Enthusiasts for Carver's work, of course, urge one to look beyond the simplistic story-lines into "the space between the words", the implicit interpretations that can be read into them. "There's a Chekhovian clarity to Ray Carver's stories" wrote one of them, "but a Kafkaesque sense that something is terribly wrong behind the scenes." And they use words like "understated", implying that there is more there than meets the eye, which the discerning reader will spot.
Perhaps. I'm as sympathetic as anyone to the idea of listening for hidden as well as overt meanings, and find nothing more satisfying than hearing a subtle undertone, but I also think the quest can be overdone. After all, one can read almost anything into what isn't there, and an author who relies on his audience to do all the interpreting is shirking his share of the work, as well as his prime responsibility.
It would be a good trick, if you're not sure quite what you have to say, not to quite say it and to invite your audience to elicit was it might have been. I'm not saying that this is what Carver does, but it is a suspicion that lingered in my mind after I had read him. It might perhaps be overly cynical to suggest that the emperor's clothes are non-existent. But only perhaps.

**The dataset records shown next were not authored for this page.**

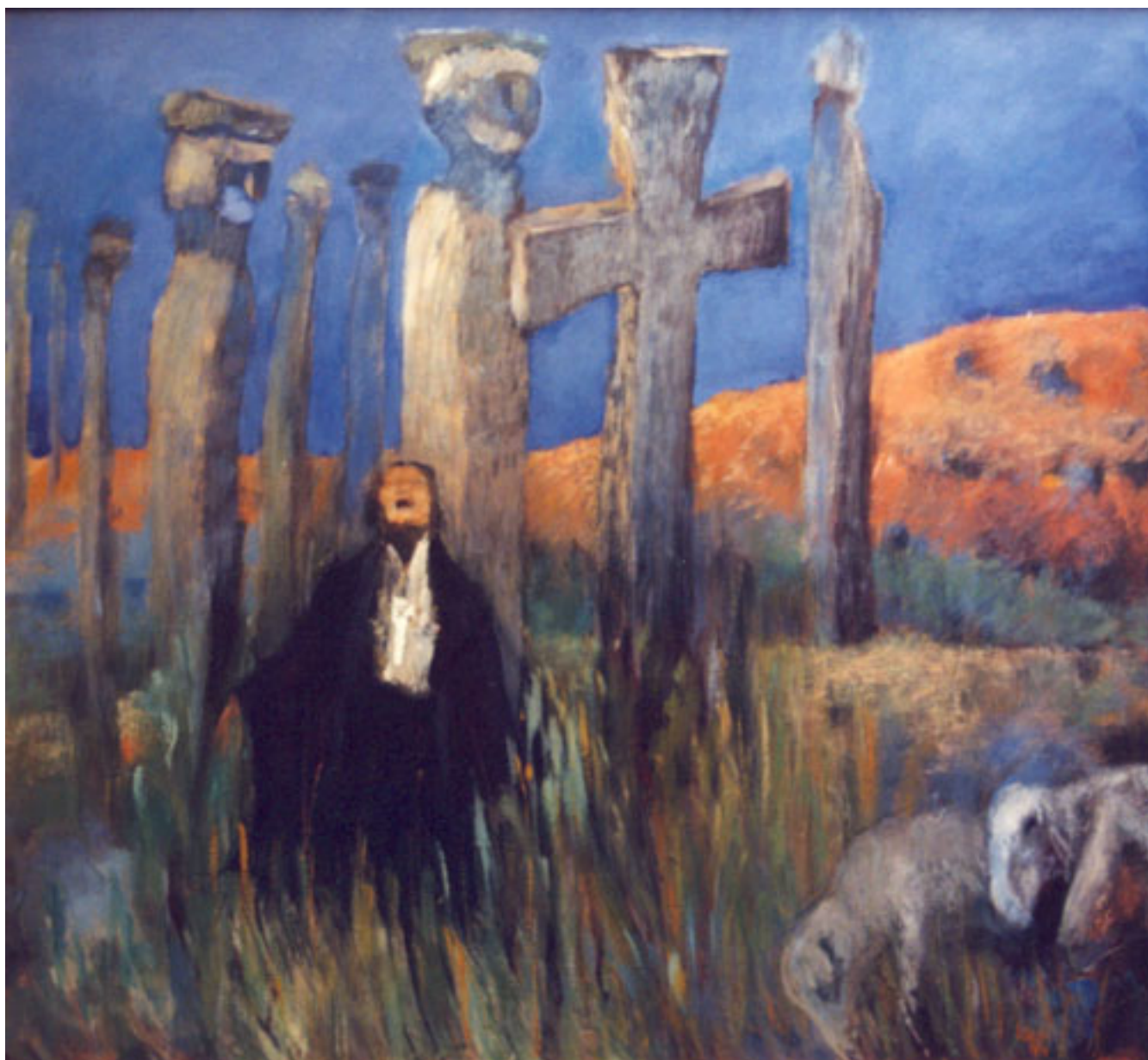
LA CONVOCATORIA, SERIE LA PRIMITIVA HUMANIDAD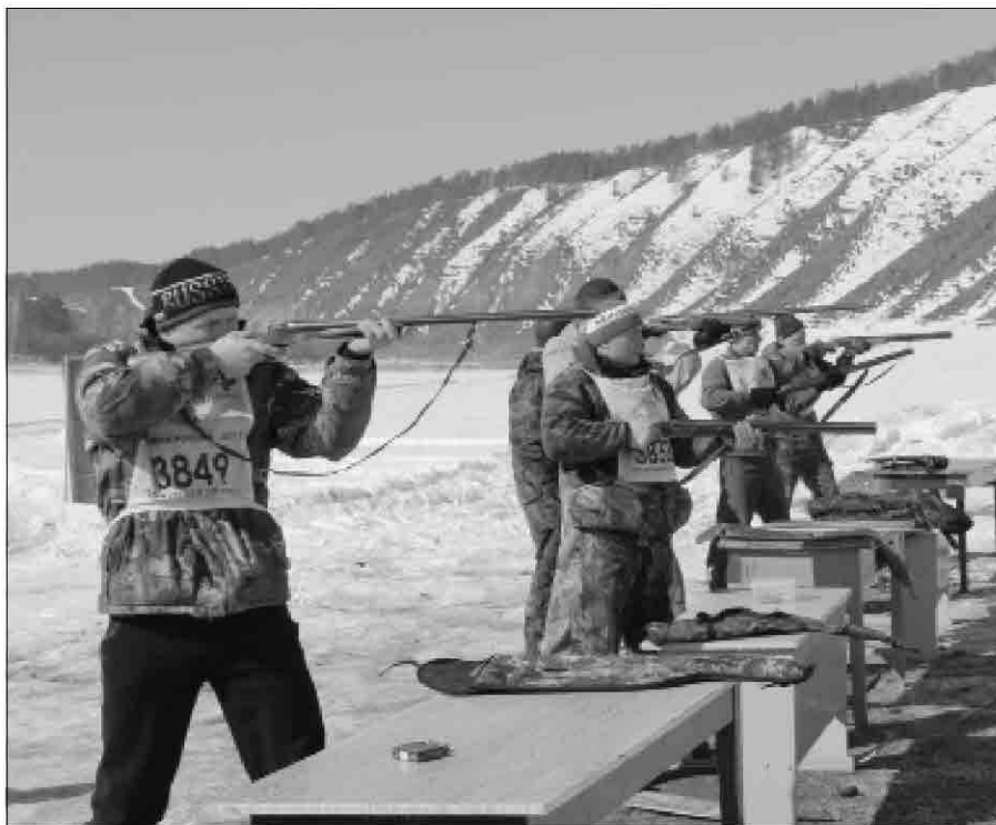
На огневом рубеже последнего этапа эстафеты

мишеней, вновь завоевав титул самого меткого охотника-биатлониста.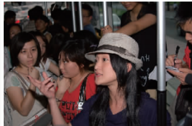
主角：周迅 坐公交车宣传环保

周迅自从成为联合国开发计划署的中国亲善大使后，就处处宣传环保。7月10日下午，周迅来到位于北京潘家园附近802路公交车总站。10年没坐过公交车的周迅在上车后非常兴奋，提倡大家尽量多搭乘公共交通，这样可以减少汽车尾气的排放，为北京能够有更多的蓝天做出自己的一份贡献。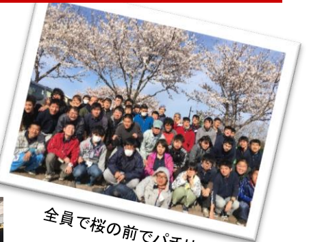
全員で桜の前でパチリ！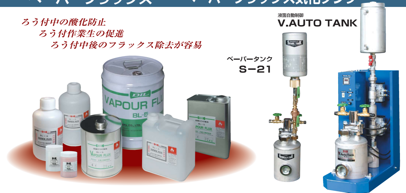
液面自動制御 V.AUTO TANK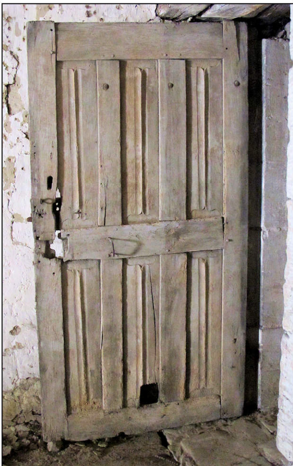
Fig. 2.4. Vantail B

Only one of the stories in this collection strays outside the bounds of Carver's familiar territory. This is the final one, "Errand", which describes the last days of Checkhov, factually, before going on to imagine, fictionally, the role of a servant at the hotel in which he died, both in serving him his final bottle of champagne and later in fetching the undertaker.
Carver identified closely with Checkhov, and indeed there are many parallel strands in their two lives. Other influences were Hemingway - inevitably, as the original champion of minimalist prose style and vocabulary - Babel and Pritchett.
Personally, I can appreciate how all this puts him in a highly respectable literary tradition, and I am perfectly ready to agree that he should be viewed in that context - not just as a gifted hick from the sticks. But I don't agree that I'm under any obligation to like him in consequence. After all, I don't much like Checkhov either.
In the last resort, I prefer to fall back on a more rudimentary approach when it comes to assessing Carver. I can understand the case for regarding his work as great literature in disguise, but I cannot entirely dismiss the contrary case for regarding it as over-praised and ultimately hollow. Rather than trying to adjudicate between the two cases, I ended up simply asking myself: "Did his stories provide an enjoyable and satisfying read?" To this, my own answer was: "Yes, up to a point."
I admire the unornamented quality of Carver's writing. The stories are readable and ring true. They did, now and then, set me thinking. But I did not find them compelling. I could put them down and I didn't have to turn the next page to find out what was going to happen to the characters. They did not, in other words, pass the prime test of great story telling. Moreover, looking back, I find it difficult to remember, unprompted, the themes of more than about ten or a dozen of the thirty-seven.
I shall probably read more of Carver's work if it comes my way, but I won't go out of my way to look for it. Sorry, son.
"Where I'm Calling From" is published in the UK by The Harvill Press, a division of Random House. ISBN is 1-86046-039-9. Cover price for the paperback (430pp) was, when I last looked, £11.99, but you can of course find it more cheaply if you shop around.